Estos días, se cumplen cuatro años de la aprobación por los 193 jefes de Estado y de Gobierno que forman parte de la Asamblea General de las Naciones Unidas de la llamada Agenda 2030 de los Objetivos de Desarrollo Sostenible (ODS), la hoja de ruta más ambiciosa aprobada por la humanidad que integra por vez primera tres dimensiones esenciales del desarrollo: la económica, la social y la ambiental.
Así, del 25 al 27 de septiembre de 2015, se repitieron los discursos de líderes mundiales insistiendo en que estaban decididos a poner fin a la pobreza y al hambre en todo el mundo para el año 2030, a combatir las desigualdades, construir sociedades pacíficas, proteger los derechos humanos, promover la igualdad entre géneros y el empoderamiento de las mujeres, garantizando la protección del planeta y sus recursos naturales. Así lo firmaron mediante una agenda amplia y detallada en la que se recogían 17 grandes objetivos, junto a 169 metas y 230 indicadores medibles.

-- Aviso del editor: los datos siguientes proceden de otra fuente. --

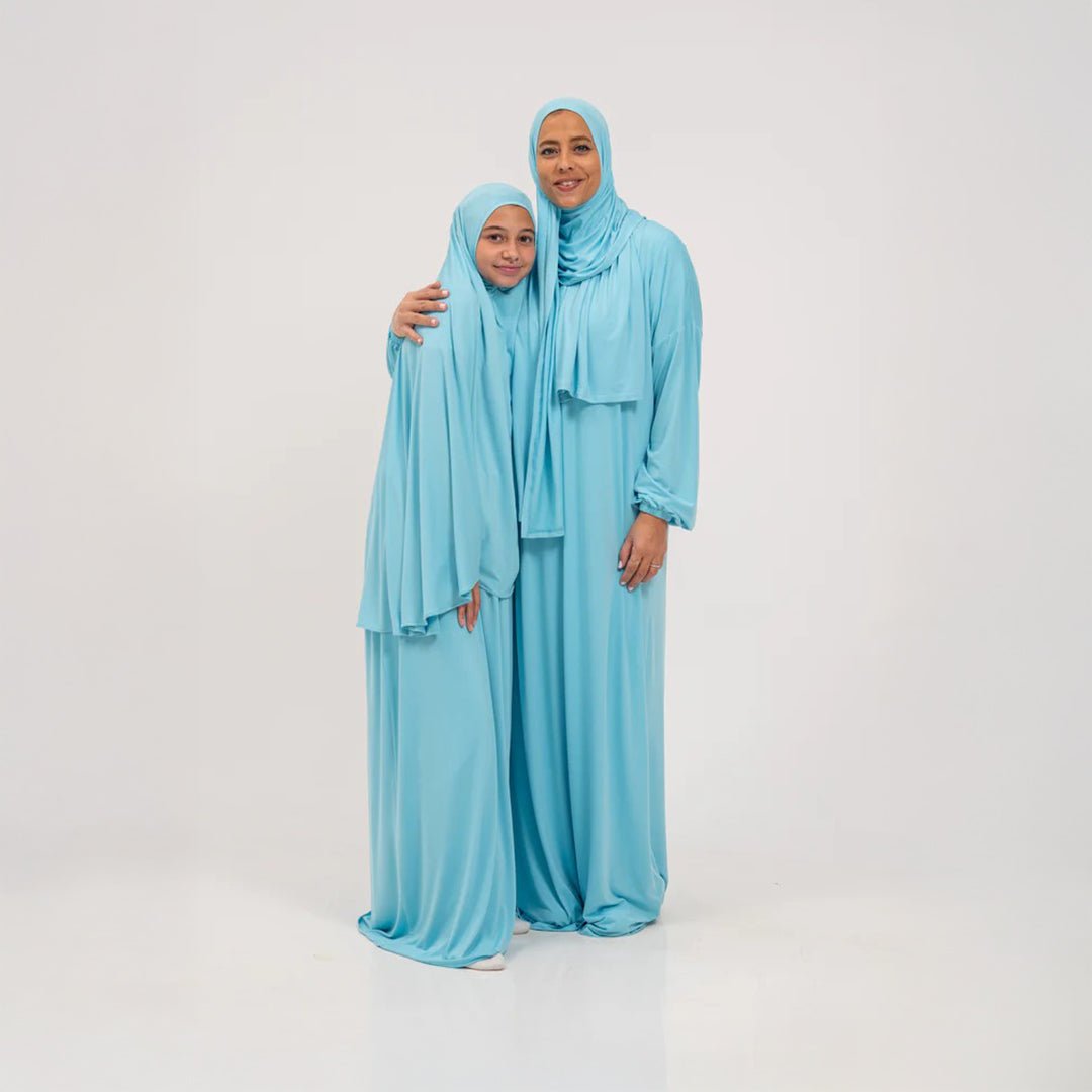 Discover the Girls Isdal Plain Prayer Set - Ages 2-13 by Rouqei. Make prayer time special with our Girls' Isdal Plain Prayer Set, crafted for comfort and style. Designed for ages 2 to 13, this set features a soft, flowing skirt and matching veil made from high-quality jersey stretch fabric, ensuring ease of movement. With vibrant designs and mother-daughter matching options, these sets inspire confidence and joy, turning prayer into a cherished experience.

Hermosas palabras que muchos de los gobernantes que firmaron estos acuerdos se han encargado en hacer trizas desde entonces, empujando a la humanidad y al planeta a una crisis ecosocial de dimensiones históricas. Ya lo advirtió con particular acierto el Papa Francisco, en el discurso que dio en la sesión inaugural de esta cumbre, cuando con particular lucidez señaló al referirse a los ODS: “Hemos de evitar toda tentación de caer en un nominalismo declaracionista con efecto tranquilizador de conciencias”. Efectivamente, esta Agenda 2030 está siendo utilizada por muchos gobiernos como un ejercicio de retórica hueca que sirve para ocultar sus responsabilidades inmediatas y encubrir incumplimientos esenciales en materia de derechos humanos, lucha contra la pobreza, igualdad de género, solidaridad internacional, cuidado del planeta, cambio climático o desigualdad, por señalar algunos de ellos.